Another interesting story in our family is my paternal grandfather’s miraculous survival of the WW1 sinking of the Lusitania. Grandpa had been away on hatting business in America and was sailing home on the Lusitania when it was torpedoed by the Germans on the south coast of Ireland.  (See Dead Wake: the last crossing of the Lusitania by Erik Larson). He was found floating in the sea and his body was hauled into a lifeboat and laid out on the dock with the dead. But when a doctor came to inspect the bodies, he found Grandpa alive. According to family lore he was never the same. He would cry easily, especially after drinking; an emotionally traumatized man who was expected to carry on, which he did, and later expelled his son from the hat factory because he would not give up his involvement with Oswald Mosley’s political party.

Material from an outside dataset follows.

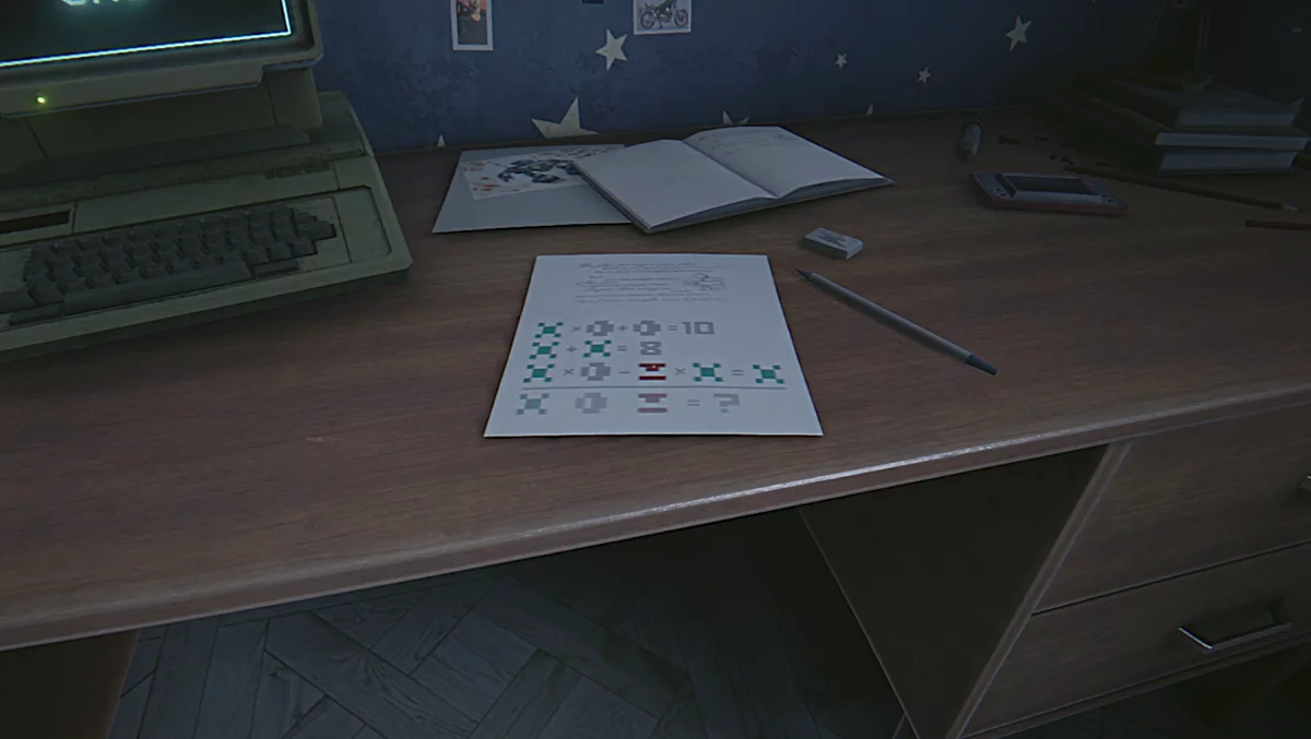 Новый сон Игната. Вы очнётесь в детской; на столе лежит листок с математической задачей. Ответ «4-2-1» — код к входной двери. Выйдя, спускайтесь на этаж ниже и войдите в приоткрытую комнату. За вами начнёт охотиться робот, реагирующий на свет и шум.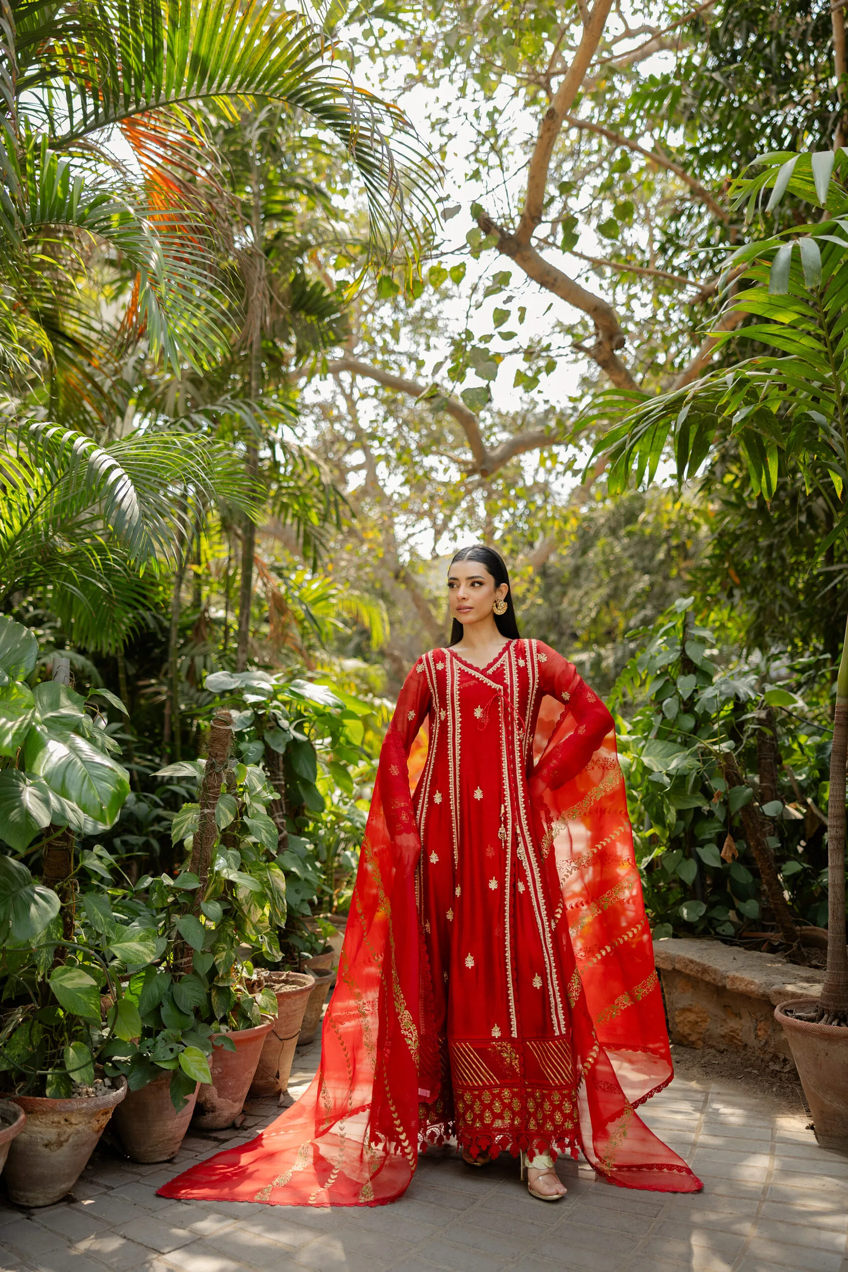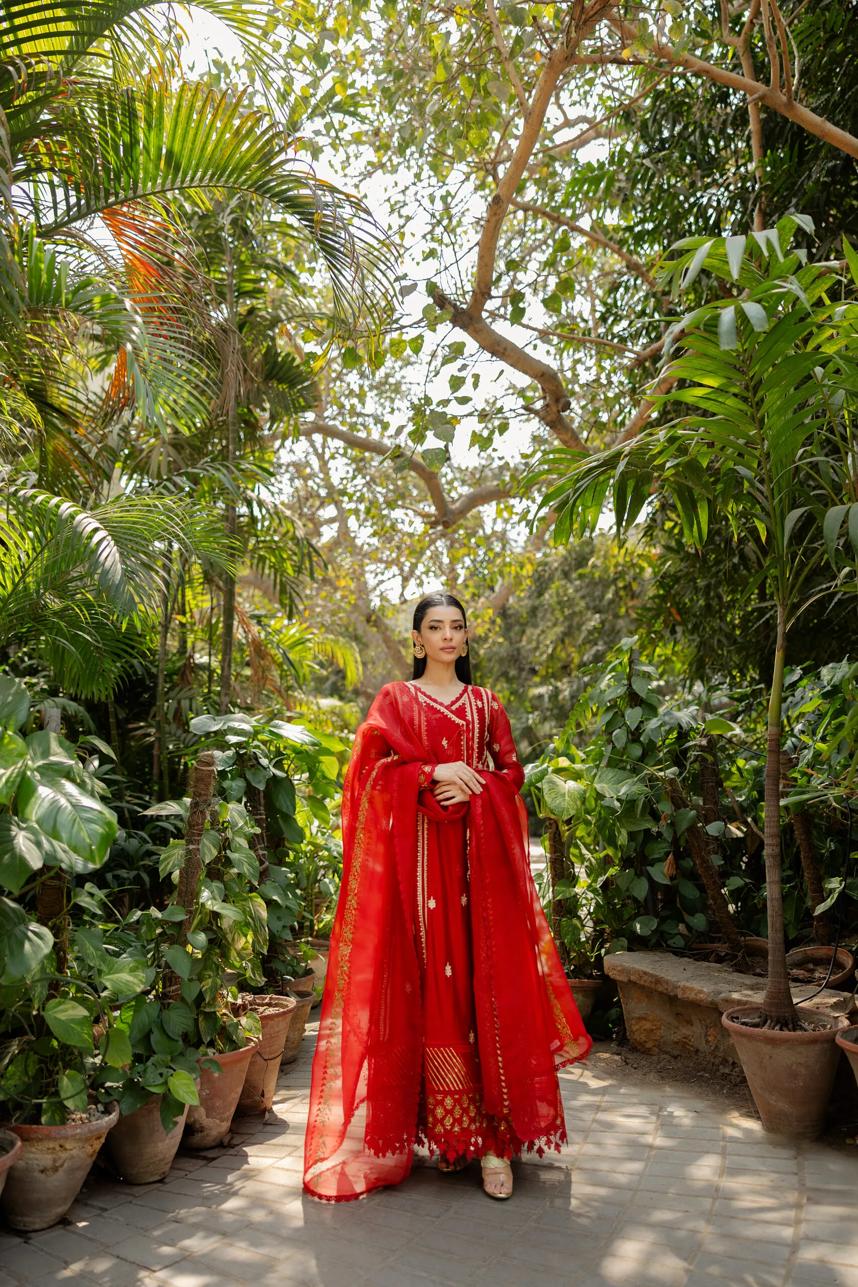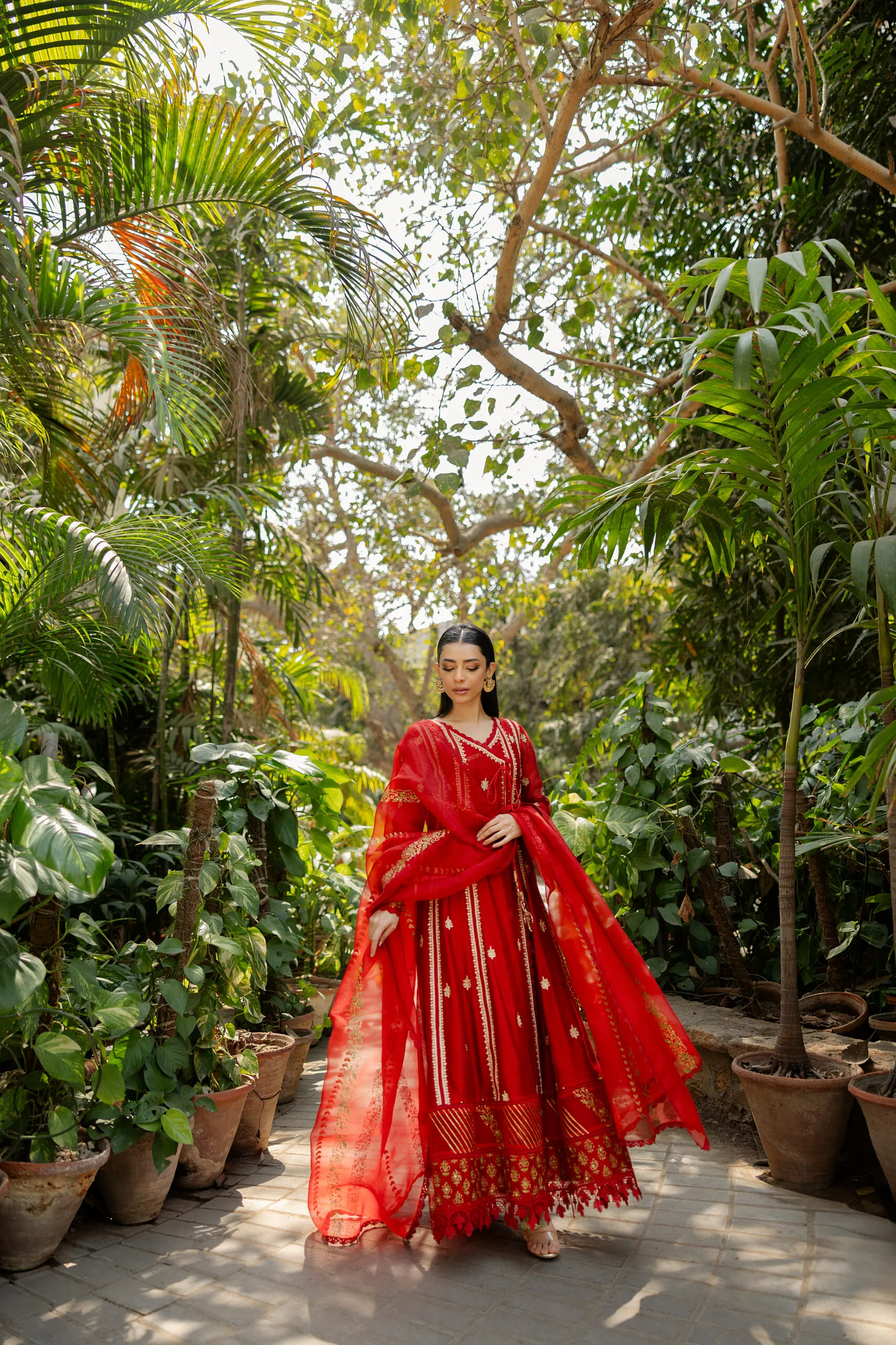 Red Anrakha khaddi net done with laces Ari work hand touching & block print

Larson’s excellent book tells of the perhaps deliberate bungling of the Lusitania’s course, taking her south of Ireland, where German submarines were known to lurk, instead of to the north, a safer route. It is implied that Churchill may have engineered this, sacrificing the lives of predominantly American passengers in order to draw the USA into the war as Britain’s allies.

R to L my father, his sister Molly, Granny & Grandpa

I recently came across an article that cheered me, and which I believe would have pleased my father. The old hat factory in Offerton, near Stockport/Manchester, is to be converted into 144 affordable housing units. This is particularly interesting to me because I have a scene in my novel set in my grandfather’s office in this huge old brick building. It is good to know that the building, far from being demolished, is actually being converted into something appropriate to our times.